Can my partner's money be taken if I file bankruptcy alone?

Full question:

IF YOU ARE MARRIED AND FILE SINGLE BANKRUPTCY, CAN YOUR PARTNER'S MONEY BE TAKEN FOR BILLS THAT THEY ARE NOT NAMED ON? HOW MUCH MONEY CAN THEY HAVE? WOULD FILING CHAPTER 13 KEEP THEM FROM HAVING ANYTHING TAKEN FROM THEM?

  • Category: Bankruptcy
  • Date:
  • State: South Dakota

Answer:

Generally, a spouse is not responsible for the other spouse's individual debts, provided they are not a co-signer or authorized user on those accounts. However, if you live in a community property state, the non-debtor spouse's assets could still be at risk. In cases like bankruptcy, divorce, or litigation, creditors may pursue jointly held assets, such as bank accounts in both names. If your spouse agrees to pay a joint debt but fails to do so, creditors may hold you liable for that debt. State laws vary regarding debt responsibility based on when the debt was incurred, who incurred it, and the debt's purpose.

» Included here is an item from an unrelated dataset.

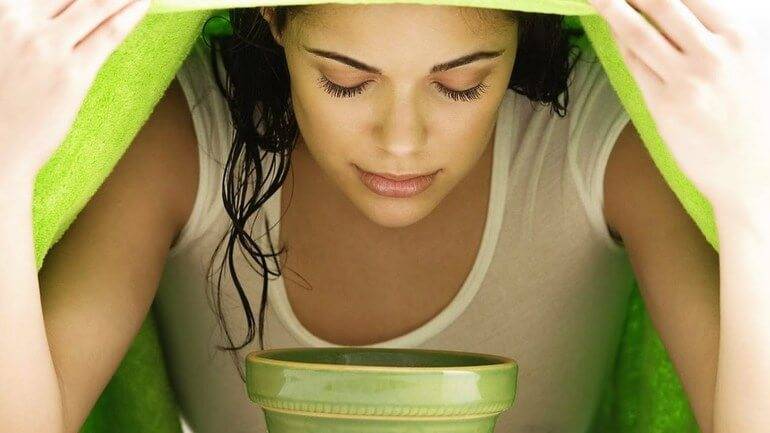 Разбъркайте 8-10 капки масло в съд с много топла преварена вода или отвара от лечебни билки. Трябва да спуснете главата си над контейнера, да се покриете с кърпа и да вдишвате интензивно парата. Процедурата трябва да се повтаря 2-3 пъти на ден до пълното изчезване на носните секрети.

This content is for informational purposes only and is not legal advice. Legal statutes mentioned reflect the law at the time the content was written and may no longer be current. Always verify the latest version of the law before relying on it.

FAQs

In Chapter 13 bankruptcy, you can typically keep your savings, but it depends on your repayment plan and state exemptions. Most states allow you to exempt a certain amount of savings, which means those funds are protected from creditors. The specific amount varies by state, so it’s essential to check your state’s exemption laws to understand what you can retain.